SHREWSBURY - Christina Wertz joined members of the climate advocacy group 350 Central MA at the White City Shopping Center to protest state lawmakers' failure to agree on a climate bill, Saturday, January 2, 2021.

'The power of talking'

Remaining hopeful and empowered is the theme of several recently published books, including “Saving Us: A Climate Scientist’s Case for Hope and Healing in a Divided World," “All the Feelings Under the Sun" and "How to Talk to Your Kids about Climate Change: Turning Angst Into Action."

A popular online newsletter called Gen Dread focuses on "staying sane in the climate and wider ecological crisis."
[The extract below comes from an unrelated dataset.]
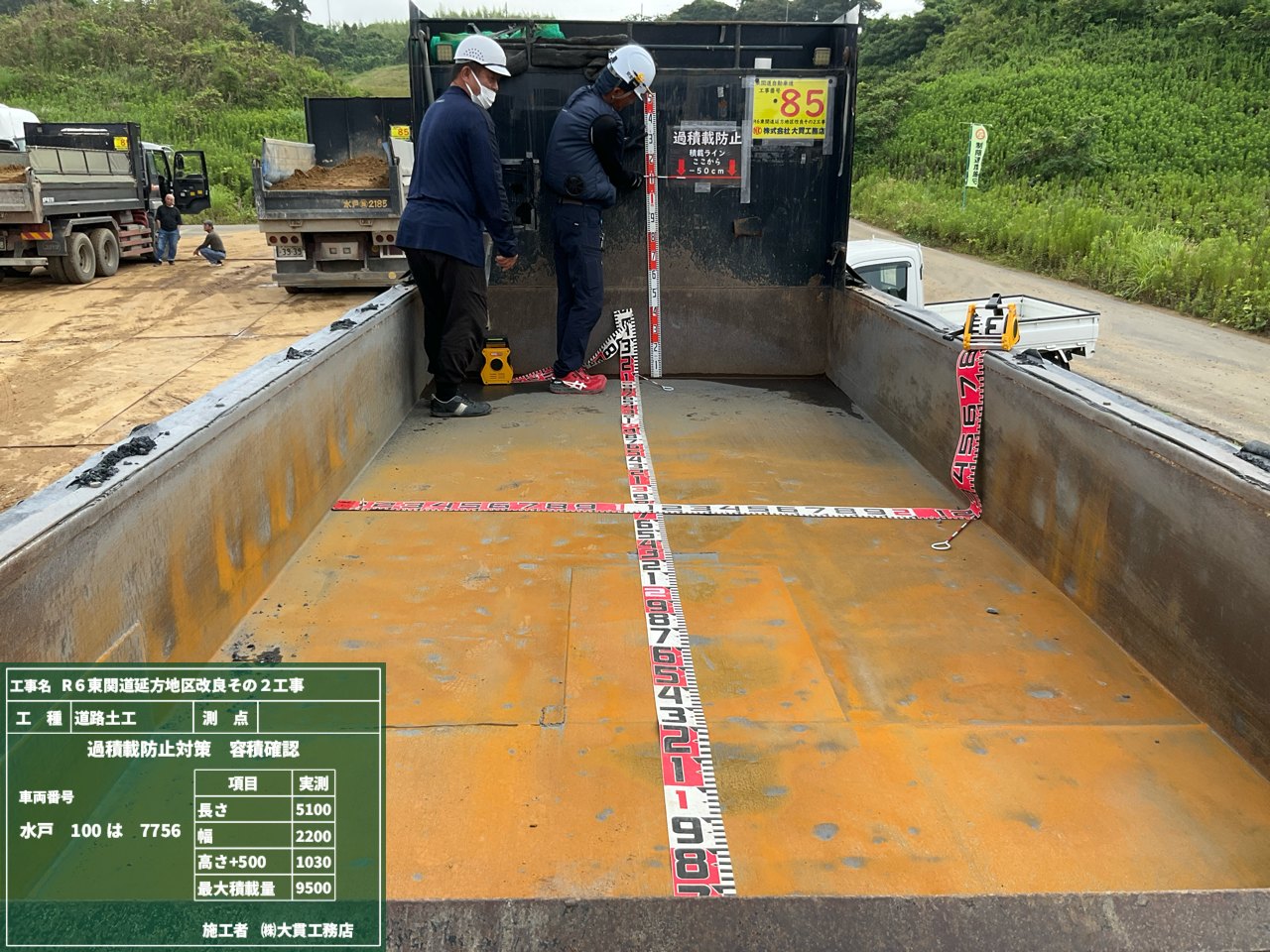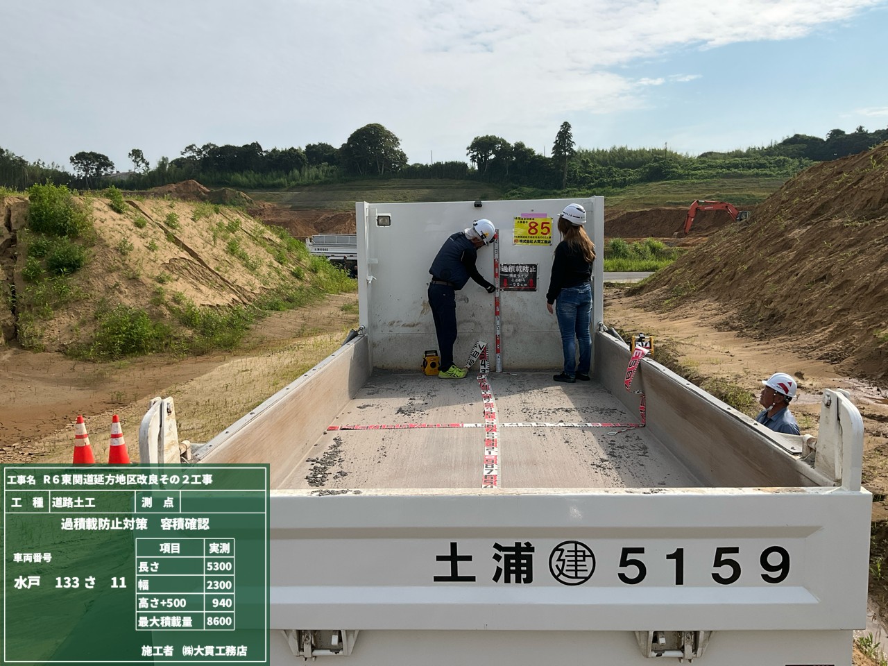 現場に入る車両全てをきちんと測定して、その車両ごとに積める量を確認してから作業に入ります。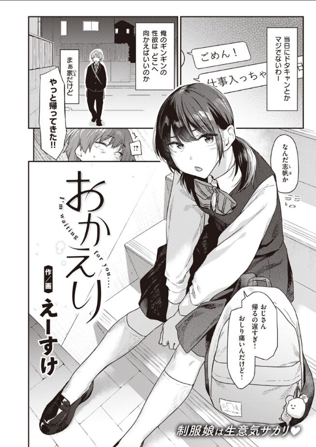 (こりゃもう……中出し確定だな♪)セフレにドタキャンされた夜……アパートに帰ると姪の志帆(しほ)が不機嫌顔で待っていた。もうカレシもいるらしく、兄貴に似た真面目そうな奴だった。そして志帆がうちに来るときは、そのカレシと不完全燃焼だった時で……。そんな夜は容赦なく中出しし放題の合図♪

People can languish in their climate distress, or they can turn it on its head and use it for good.

Hillman, 16, believes strongly in local displays of collective action. She cited a recent climate strike in her downtown that drew 40 people.
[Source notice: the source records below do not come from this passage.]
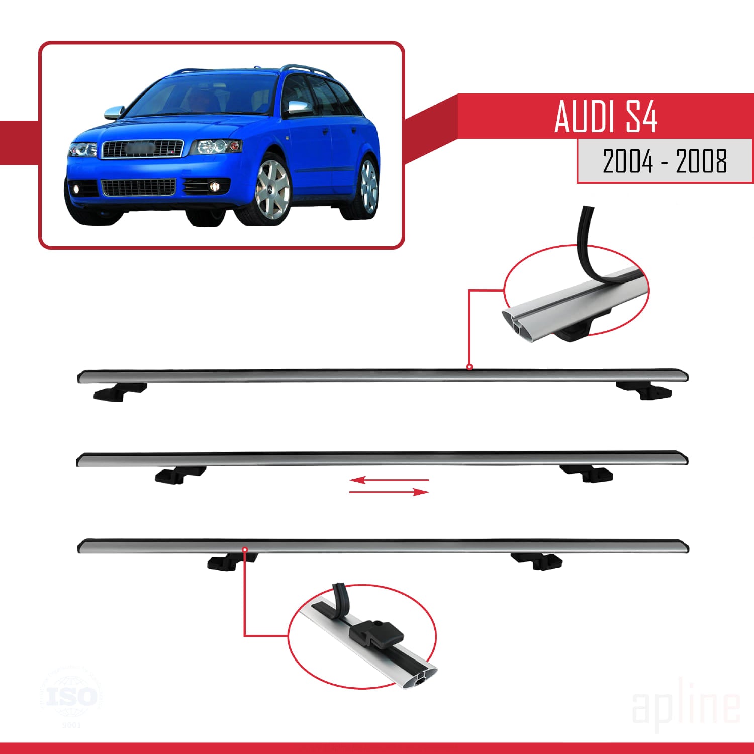 Compatible avec Audi S4 2004-2008 BASIC Model Barres de Toit Railing Porte-Bagages de Voiture Gris Aluminium 3 Barres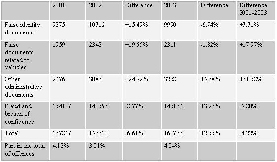 This Report notices an important increase in document fraud over the last few years. The use of false identity documents, for example, appears to have increased by 7,71% between 2001 and 2003, as illustrated by .
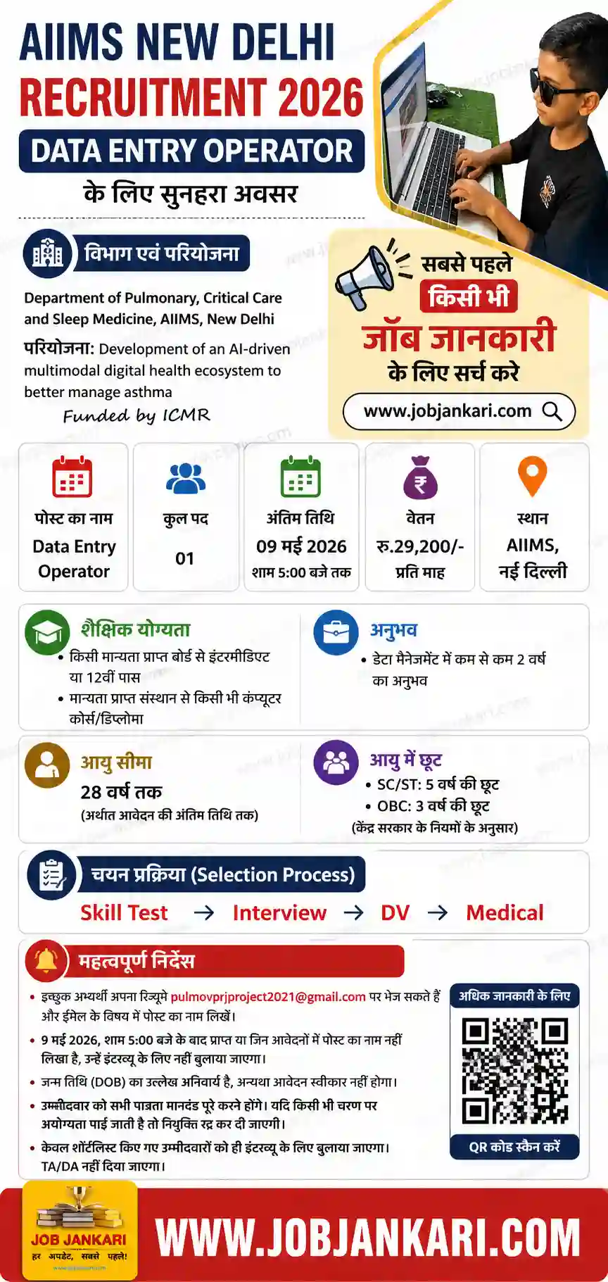 - AIIMS Delhi Data Entry Operator (DEO) Recruitment 2026उन युवाओं के लिए स्वर्णिम अवसर है जो शैक्षणिक रूप से 12वीं पास हैं, कंप्यूटर जानते हैं और जिनके पास डेटा मैनेजमेंट का 2 साल का अनुभव है। यह आपको न केवल प्रतिष्ठित AIIMS जैसे संस्थान में काम करने का मौका देगा बल्कि आपको ICMR प्रोजेक्ट का हिस्सा बनने का गौरव भी प्रदान करेगा।

"I think these small but very significant representations of fight for climate action, those really empower others," she said. "The more people that act and show care, it’s signs of hope for change."

State Sen. David Watters, D-Dover, right, joins young demonstrators at the Portsmouth Youth Climate Strike on Sept. 24 in solidarity more than 1,000 strike events around the globe.
State Sen. David Watters, D-Dover, right, joins young demonstrators at the Portsmouth Youth Climate Strike on Sept. 24 in solidarity more than 1,000 strike events around the globe.

Hudson agrees that young people talking to each other is perhaps one of the most powerful mechanisms for combatting climate distress – in lieu of systemic change by governments and industries.

"One thing I come back to over and over again is that there is pretty much nothing as powerful as peer messengers," Hudson said. "The power of talking about your feelings to friends, families, teachers cannot be overstated. And that is something I talk with a lot of my child and teen clients about. No, you can’t vote, but you could talk with several of your friends and have a great deal of influence."

The idea of focusing on solutions is also at the center of a training program on climate change communication that Jennifer West leads in Rhode Island. Hundreds of people with state and federal agencies, environmental organizations, land trusts and political groups have gone through the sessions, says West, a coordinator with the Narragansett Bay Research Reserve.

For scientists and other environmental officials who work every day on issues related to climate change, a feeling of beleaguerment can set in. How does a wetlands expert not get down knowing that salt marshes, which are vital habitats for fish and birds, are being flooded by rising seas?

West’s response: There are places where marshes have been elevated by adding sand on top of them and then planting grasses in the new material.

“That’s what we’re taught to do,” she said. “If we don’t give people some hope and give people the tools to effectively communicate to give others hope, then we’re kind of doomed.”

And similar to what Conceivable Future and others are doing, the aim is more than just having a conversation.

“The communities that are most resilient are the ones with the highest social cohesion. It’s all about getting with other people and talking about this,” West said. “Hope promotes dialogue and dialogue promotes action.”